* _TRY IT_
From the line that holds "河田社長によると、遮熱塗料を" down to the last line of the listing below, reproduce each line exactly and nothing more, omitting pictures.

- - - -

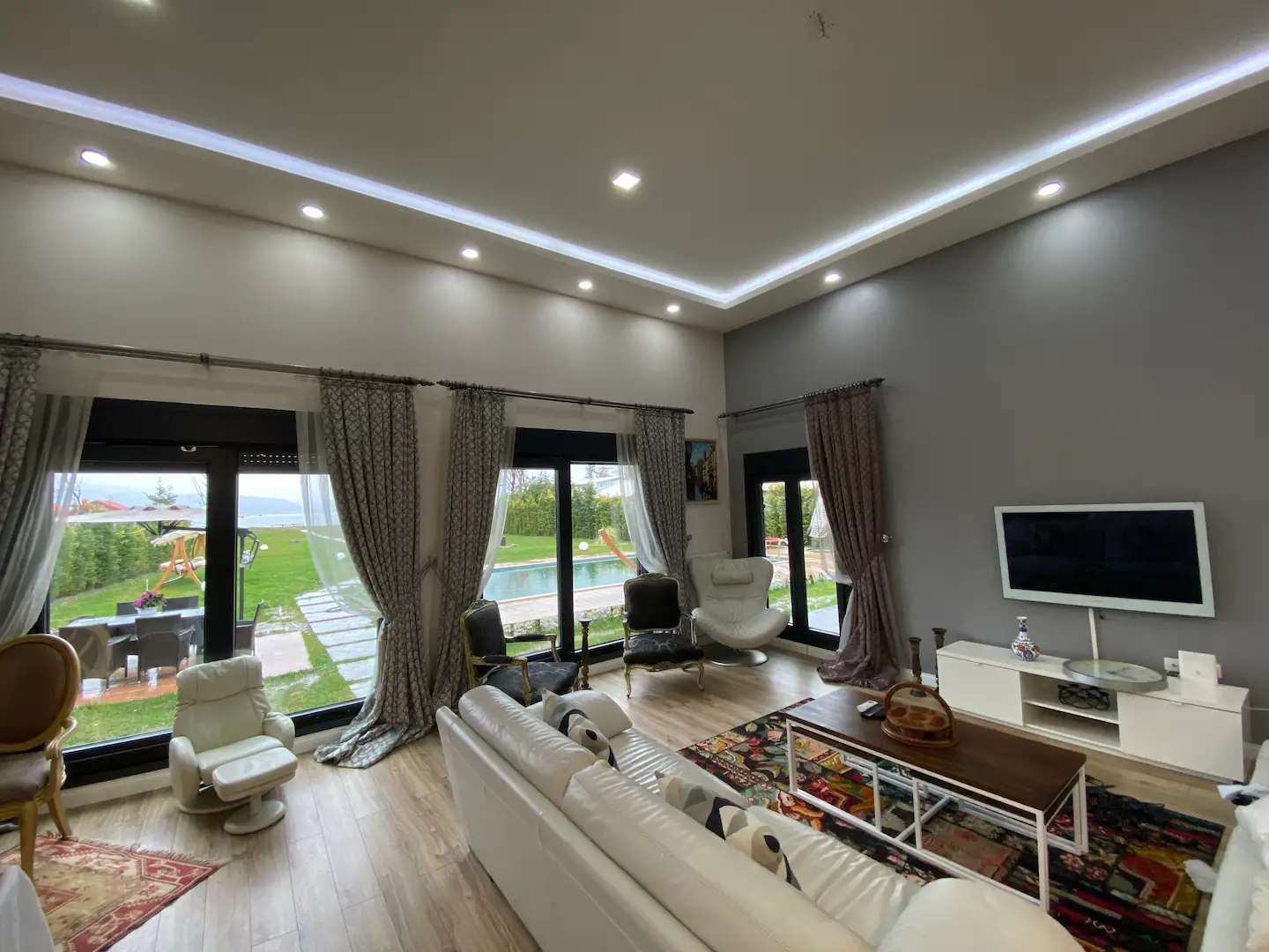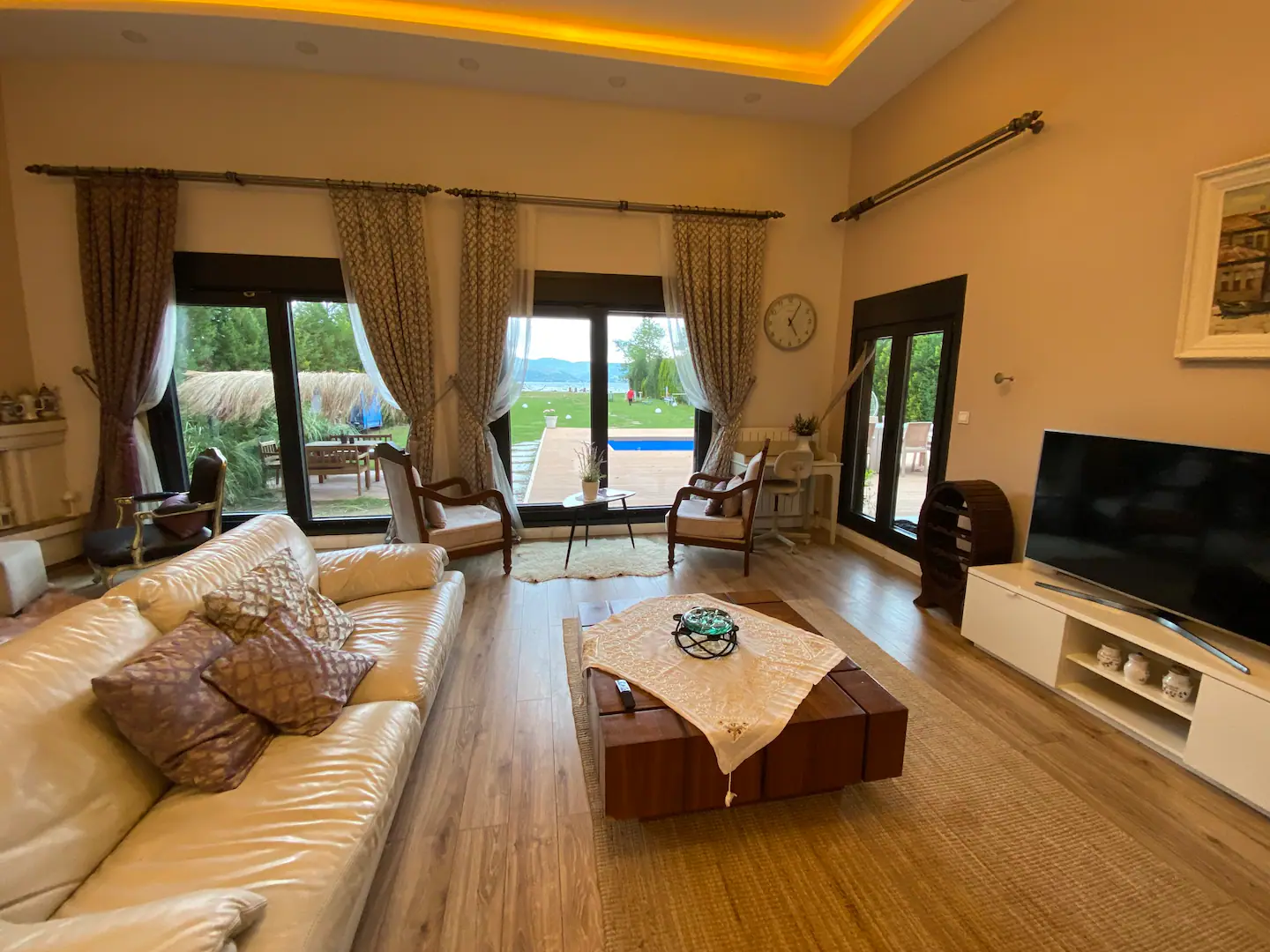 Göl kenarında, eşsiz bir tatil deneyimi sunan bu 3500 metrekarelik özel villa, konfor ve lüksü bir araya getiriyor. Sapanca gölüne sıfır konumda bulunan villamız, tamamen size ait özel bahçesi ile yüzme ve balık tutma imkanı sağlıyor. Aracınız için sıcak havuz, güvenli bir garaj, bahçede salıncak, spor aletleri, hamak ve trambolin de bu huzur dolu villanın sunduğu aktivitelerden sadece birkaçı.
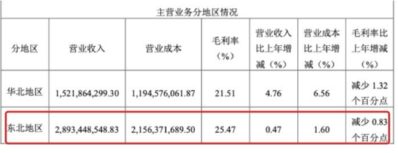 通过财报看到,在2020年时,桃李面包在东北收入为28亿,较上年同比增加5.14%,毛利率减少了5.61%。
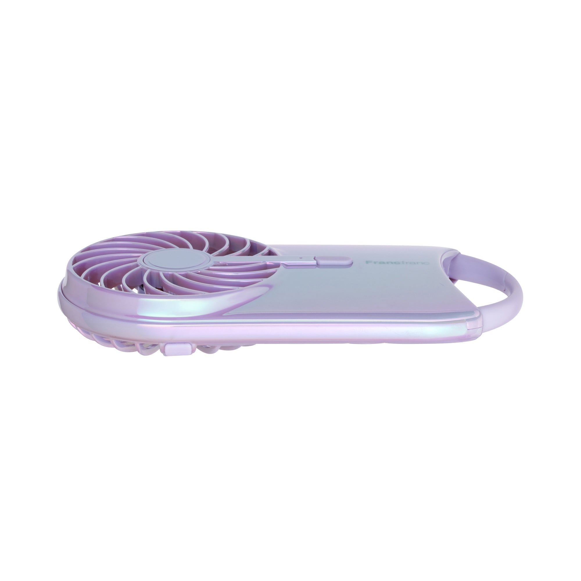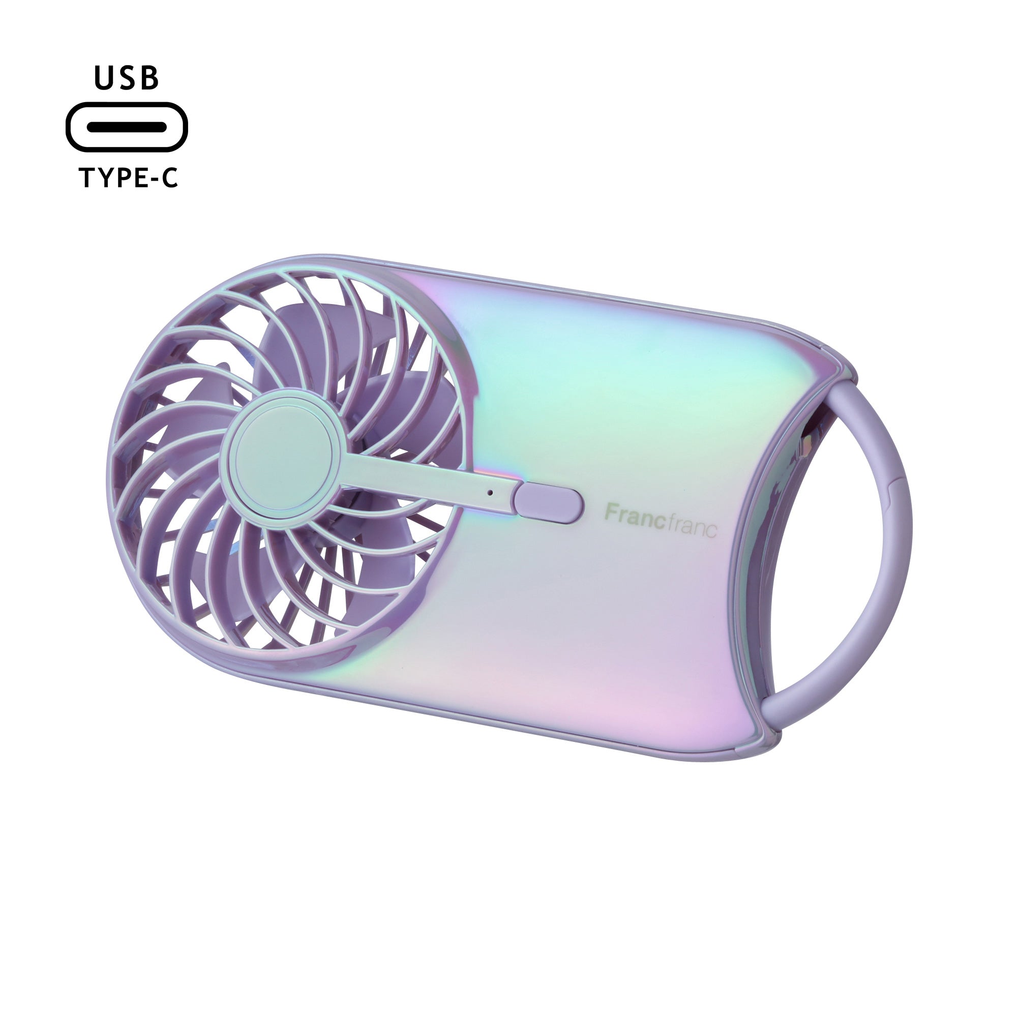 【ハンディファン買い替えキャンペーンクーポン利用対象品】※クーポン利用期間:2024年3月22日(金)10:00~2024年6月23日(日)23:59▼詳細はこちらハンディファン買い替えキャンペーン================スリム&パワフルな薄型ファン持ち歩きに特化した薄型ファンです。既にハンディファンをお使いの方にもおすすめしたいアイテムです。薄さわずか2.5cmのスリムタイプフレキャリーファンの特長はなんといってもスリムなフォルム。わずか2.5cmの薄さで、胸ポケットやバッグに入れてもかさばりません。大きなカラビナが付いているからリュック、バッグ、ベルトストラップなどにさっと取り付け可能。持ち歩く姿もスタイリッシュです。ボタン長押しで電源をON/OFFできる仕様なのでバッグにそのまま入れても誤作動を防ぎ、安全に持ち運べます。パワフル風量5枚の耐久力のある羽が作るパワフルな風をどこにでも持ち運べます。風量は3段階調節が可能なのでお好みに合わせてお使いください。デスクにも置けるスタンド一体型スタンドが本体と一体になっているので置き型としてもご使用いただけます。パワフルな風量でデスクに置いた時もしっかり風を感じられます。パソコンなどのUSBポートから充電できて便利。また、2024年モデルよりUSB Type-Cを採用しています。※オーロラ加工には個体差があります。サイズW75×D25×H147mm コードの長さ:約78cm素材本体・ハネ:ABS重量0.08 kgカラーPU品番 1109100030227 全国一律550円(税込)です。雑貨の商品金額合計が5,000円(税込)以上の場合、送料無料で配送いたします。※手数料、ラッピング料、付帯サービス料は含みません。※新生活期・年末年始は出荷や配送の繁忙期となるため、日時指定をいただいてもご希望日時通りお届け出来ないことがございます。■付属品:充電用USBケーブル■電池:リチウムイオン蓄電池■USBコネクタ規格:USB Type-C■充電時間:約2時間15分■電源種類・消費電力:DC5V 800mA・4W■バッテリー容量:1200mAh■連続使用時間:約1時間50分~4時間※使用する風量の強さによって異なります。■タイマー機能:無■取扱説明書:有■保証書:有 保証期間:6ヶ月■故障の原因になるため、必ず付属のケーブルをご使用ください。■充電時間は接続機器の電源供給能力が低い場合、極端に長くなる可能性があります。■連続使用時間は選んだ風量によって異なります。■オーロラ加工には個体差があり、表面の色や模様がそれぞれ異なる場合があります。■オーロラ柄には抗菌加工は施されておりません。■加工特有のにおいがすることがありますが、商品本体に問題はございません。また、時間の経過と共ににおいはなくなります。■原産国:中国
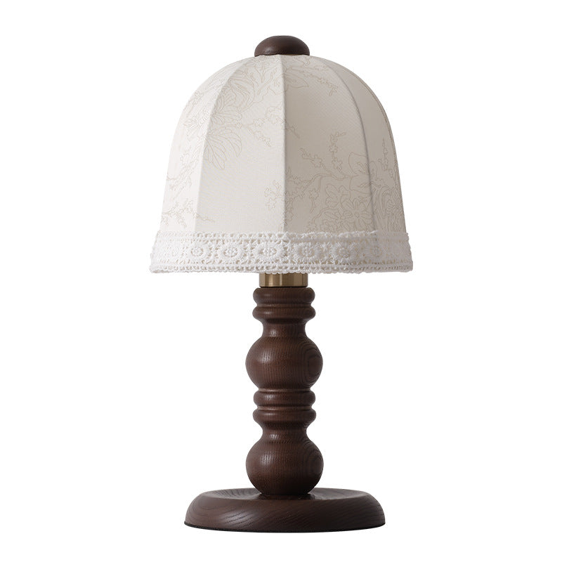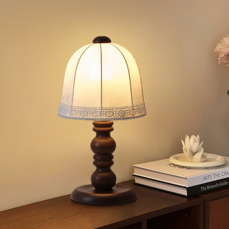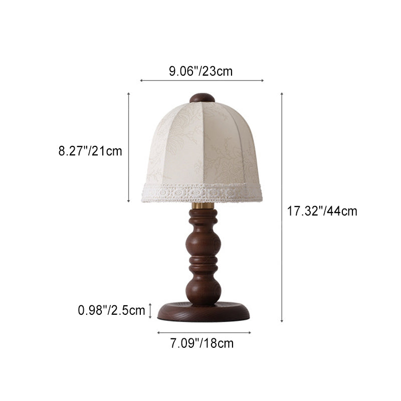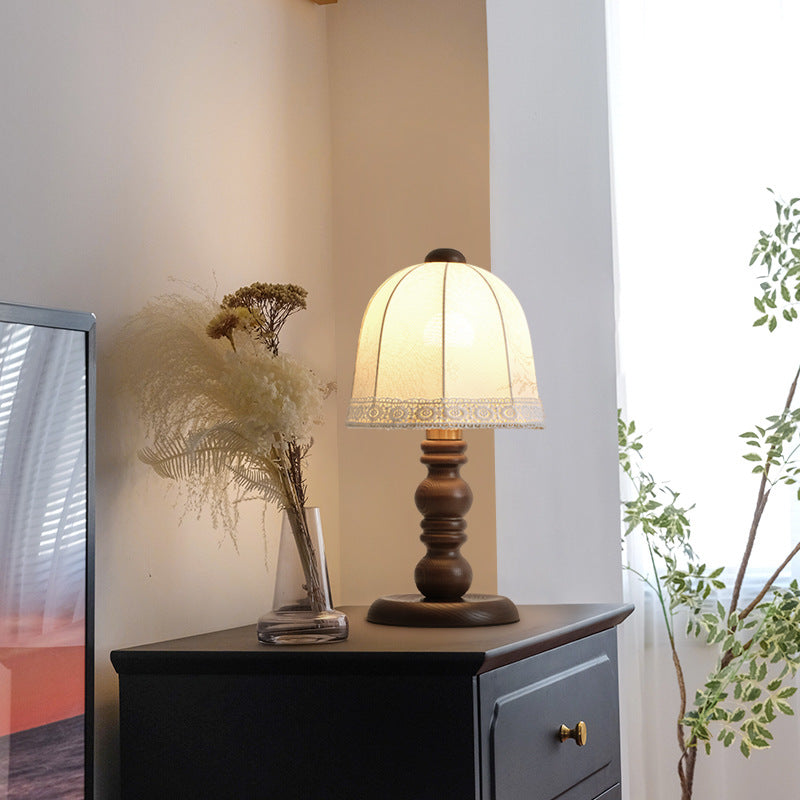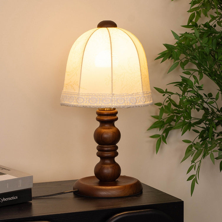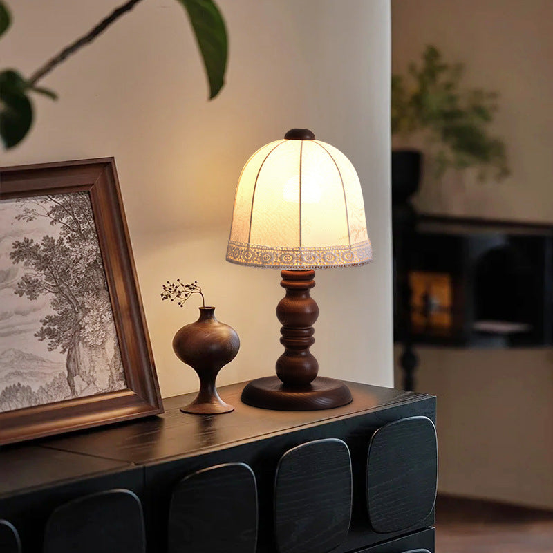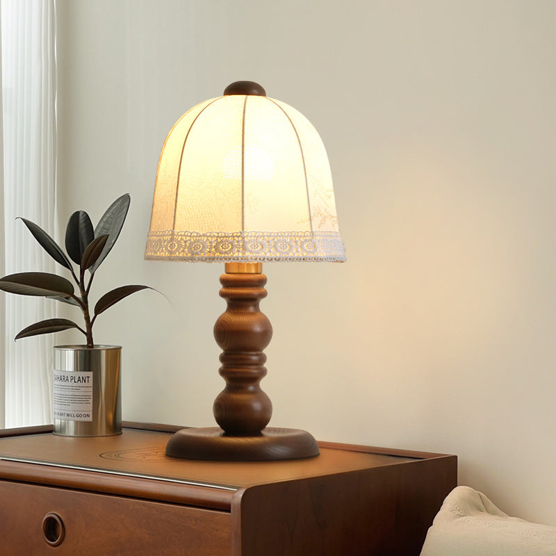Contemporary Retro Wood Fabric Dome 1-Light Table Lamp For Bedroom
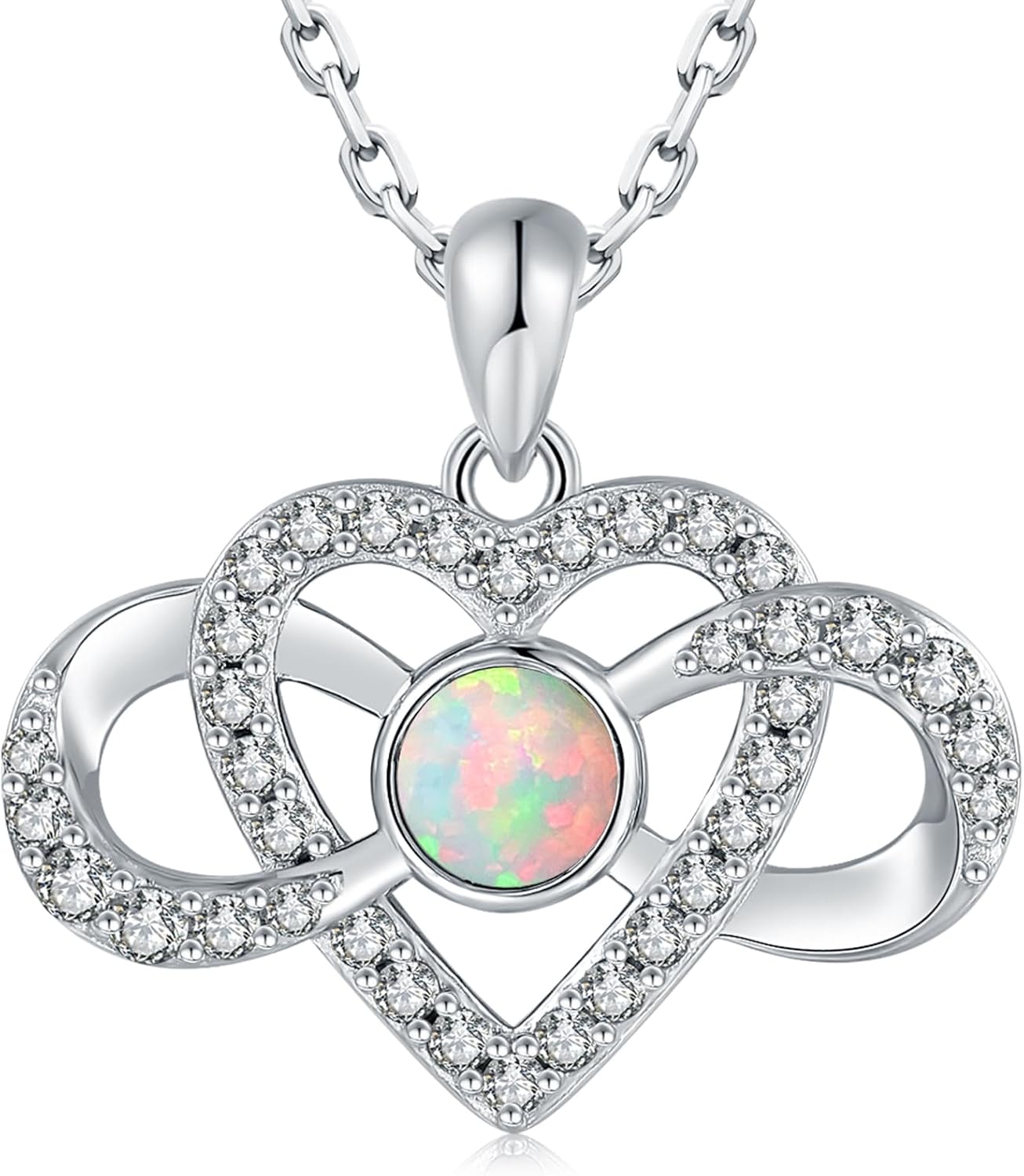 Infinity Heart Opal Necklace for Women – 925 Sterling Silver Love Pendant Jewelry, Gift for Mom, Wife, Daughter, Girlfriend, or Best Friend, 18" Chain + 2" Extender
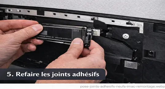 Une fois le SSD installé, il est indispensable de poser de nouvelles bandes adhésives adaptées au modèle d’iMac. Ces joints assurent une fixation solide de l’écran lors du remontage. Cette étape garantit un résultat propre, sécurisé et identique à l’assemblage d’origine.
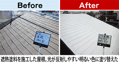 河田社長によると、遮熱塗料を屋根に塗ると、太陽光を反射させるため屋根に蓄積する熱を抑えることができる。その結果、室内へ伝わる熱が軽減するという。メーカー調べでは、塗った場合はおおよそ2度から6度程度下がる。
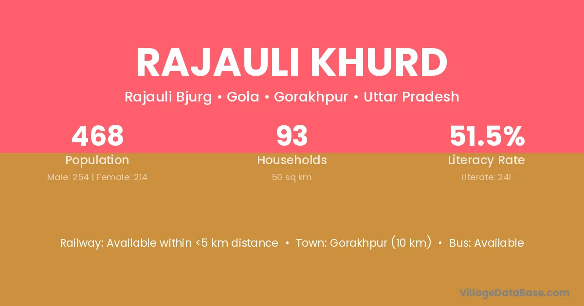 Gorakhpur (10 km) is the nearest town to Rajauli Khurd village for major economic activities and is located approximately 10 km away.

- - - -

* _RESPONSE TO THIS TASK_
 河田社長によると、遮熱塗料を屋根に塗ると、太陽光を反射させるため屋根に蓄積する熱を抑えることができる。その結果、室内へ伝わる熱が軽減するという。メーカー調べでは、塗った場合はおおよそ2度から6度程度下がる。
 Gorakhpur (10 km) is the nearest town to Rajauli Khurd village for major economic activities and is located approximately 10 km away.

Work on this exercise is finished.